A Quick Performance Trick
Take a look at this peculiar thing:
public class StringCache
{
private readonly Dictionary<string, string> _cache;
public StringCache()
{
_cache = new Dictionary<string, string>();
}
public virtual string Get(string value)
{
if (value == null) return null;
string result;
if (!_cache.TryGetValue(value, out result))
{
result = value;
_cache[result] = result;
}
return result;
}
}
As you can see, it has a Dictionary
mapping one string
to another with both key and value being identical, which seems fairly pointless. But it is useful, as when you call the Get
method, it will either return a reference to what you supply if it's not seen it before, or a reference to a previous instance of the same thing if it has.
I created this as an experiment to use in the Data Access Layer of a project I was working on.

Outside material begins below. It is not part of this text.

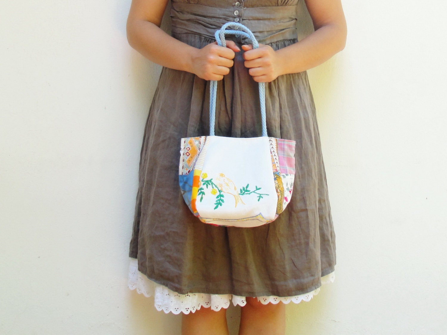 The Birds Bring the Sun Bag - Vintage Embroidery and Patchwork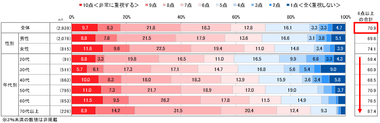 同様に、「住宅省エネ性能ラベルが高いこと」についても尋ねたところ、6点以上と回答した人は70.9%と、7割を超える結果となっています。

ADO was calling a stored procedure which was returning a lot of rows, and often I would see the same string
value appearing for the same field over and over again. Millions of times in some cases. You might think this is indicative of a less than perfectly normalised database, to which I would reply that it's a 'real world' example. :)
Anyway, I figured I could save some memory by using this - lots of references to the same string
instance rather than lots of references to individual instances of the same string
. At the start of the read loop, I'd create one of these, pass the string
s through it and let it drop out of scope at the end of the loop.
It reduced the memory footprint of the service nicely, but I was expecting to take a hit in the overall read time, after all, each string
needs a hashcode calculating and some dictionary 'stuff' doing additionally. In fact, it speeded the read up. Not really sure why, there's more to do but perhaps there was room for that based on the speed of the IO being the bottleneck. That could only make it the same speed, not faster, so I assume it's something to do with garbage collection.
Anyway who cares. I've retrofitted these little caches in lots of DAL functions which return endless records and the result is faster times and less memory consumption.
Simple, and a little bit beautiful.